Proposal 7.1 of the Report notes that further consultation should be undertaken with employer and employee representatives on how the employee records protections should be implemented in legislation, and developing privacy codes of practice through a tripartite process to clarify obligations regarding collection, use and disclosure of personal and sensitive information.
Companies subject to AML/CTF reporting requirements regularly conduct employee due diligence programs, which are designed to screen both current and potential employees to identify and mitigate the risk of money laundering and terrorism financing by employees. Such programs typically include:
- Verifying the employee's identity.
- Confirming employment history (e.g., through references or referee reports).
- Conducting criminal record checks.
The information garnered by these due diligence programs would stand to be captured by the safeguards outlined under Proposal 7.1 of the Report.
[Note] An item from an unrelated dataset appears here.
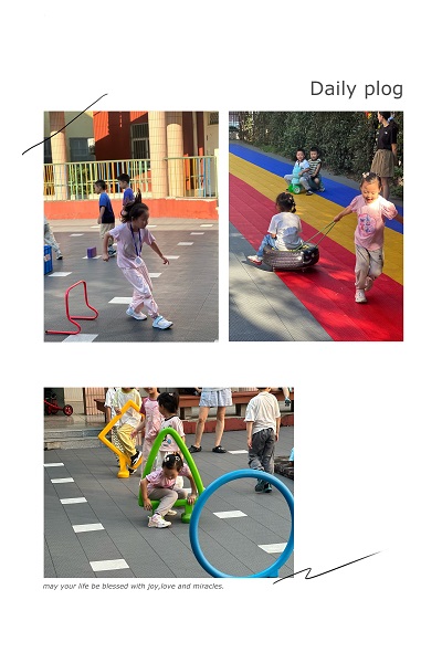小朋友们每天入园前,可爱的老师们就已经放好了晨间锻炼的器材。你瞧,他们玩的多开心!

If Proposal 7.1 is adopted and extends privacy protections to private sector employees, employers may need to review their AML/CTF due diligence procedures on employees to ensure they comply with the revised privacy obligations. This may involve conducting a risk assessment of the collection, use, and storage of employee information, including whether consent is required for collecting sensitive information, and updating policies and procedures accordingly.
Dealing with personal information that is no longer necessary
APP 11.2 provides that if an entity no longer needs to hold an individual’s personal information, the entity must take reasonable steps to destroy or de-identity the information (subject to retention requirements in other Australian laws or court order).
Proposal 21.5 of the Report suggests enhancing the current OAIC Guidelines in relation to APP 11.2, to provide detailed guidance that more clearly articulates the reasonable steps for APP entities to undertake to destroy or de-identify personal information that is no longer required to be held.
The Report noted that many entities do not take active steps to determine appropriate retention policies. Proposal 21.7 of the Report therefore recommends that APP entities establish their own maximum and minimum retention periods for the personal information they hold, considering the type, sensitivity, and purpose of the information, as well as the entity’s organisational needs and any legal obligations.
Under the AML/CTF Act, reporting entities must keep records related to their AML/CTF program and customer due diligence (CDD) procedures for at least seven years from the transaction date. This includes records of customer identification and verification (e.g., name, date of birth, and address), ongoing customer due diligence, and suspicious matter reports.
AML/CTF reporting entities are also required to have appropriate systems and processes to ensure the integrity, accuracy, and accessibility of their records, including controls to prevent alteration, destruction, or loss of records, and ensuring the ability to retrieve and provide records to regulators and law enforcement agencies upon request.
Therefore, similar to the proposals mentioned above, it will be necessary for reporting entities to examine their policies for storing and retaining personal information to ensure that they conform to the updated privacy requirements.